- [WHAT THIS TASK INVOLVES] In the records below, reproduce exactly the lines from the one containing "Unlike the Pulsar" through the one containing "Чехол на 2-местный", both included, and omit the pictures.

- [MATERIAL FOR THIS TASK]
§
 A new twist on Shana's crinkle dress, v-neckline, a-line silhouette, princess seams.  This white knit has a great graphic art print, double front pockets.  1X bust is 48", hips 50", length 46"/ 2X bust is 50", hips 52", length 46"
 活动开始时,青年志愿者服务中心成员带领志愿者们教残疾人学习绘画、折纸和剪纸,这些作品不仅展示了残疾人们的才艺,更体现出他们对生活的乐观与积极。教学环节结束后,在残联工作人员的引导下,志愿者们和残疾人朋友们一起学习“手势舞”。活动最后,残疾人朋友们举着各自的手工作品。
§
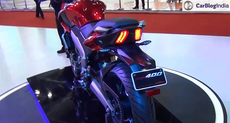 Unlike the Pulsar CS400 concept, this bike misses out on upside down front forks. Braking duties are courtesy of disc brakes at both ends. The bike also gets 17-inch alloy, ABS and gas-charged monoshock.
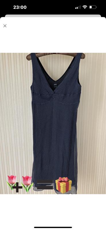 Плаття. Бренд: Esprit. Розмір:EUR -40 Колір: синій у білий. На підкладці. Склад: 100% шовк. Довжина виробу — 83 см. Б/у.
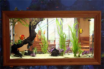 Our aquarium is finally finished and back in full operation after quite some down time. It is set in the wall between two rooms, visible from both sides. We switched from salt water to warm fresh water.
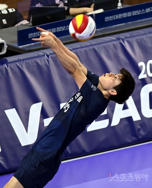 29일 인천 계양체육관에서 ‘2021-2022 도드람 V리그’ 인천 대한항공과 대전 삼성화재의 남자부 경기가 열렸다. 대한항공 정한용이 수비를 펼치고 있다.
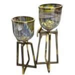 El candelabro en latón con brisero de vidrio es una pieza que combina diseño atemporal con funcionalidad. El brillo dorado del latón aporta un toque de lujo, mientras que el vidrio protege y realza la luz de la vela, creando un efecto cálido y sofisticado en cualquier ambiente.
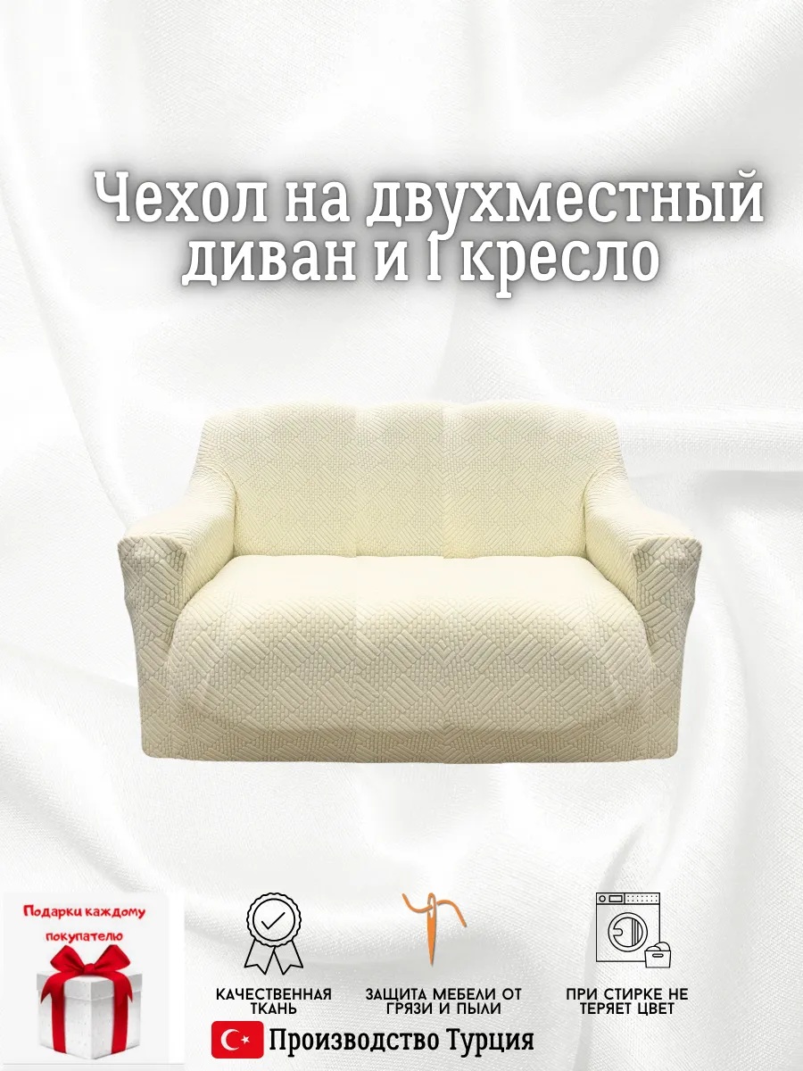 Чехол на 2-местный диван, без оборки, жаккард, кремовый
§
- [SOLUTION FOR THIS EXERCISE]
 Unlike the Pulsar CS400 concept, this bike misses out on upside down front forks. Braking duties are courtesy of disc brakes at both ends. The bike also gets 17-inch alloy, ABS and gas-charged monoshock.
 Плаття. Бренд: Esprit. Розмір:EUR -40 Колір: синій у білий. На підкладці. Склад: 100% шовк. Довжина виробу — 83 см. Б/у.
 Our aquarium is finally finished and back in full operation after quite some down time. It is set in the wall between two rooms, visible from both sides. We switched from salt water to warm fresh water.
 29일 인천 계양체육관에서 ‘2021-2022 도드람 V리그’ 인천 대한항공과 대전 삼성화재의 남자부 경기가 열렸다. 대한항공 정한용이 수비를 펼치고 있다.
 El candelabro en latón con brisero de vidrio es una pieza que combina diseño atemporal con funcionalidad. El brillo dorado del latón aporta un toque de lujo, mientras que el vidrio protege y realza la luz de la vela, creando un efecto cálido y sofisticado en cualquier ambiente.
 Чехол на 2-местный диван, без оборки, жаккард, кремовый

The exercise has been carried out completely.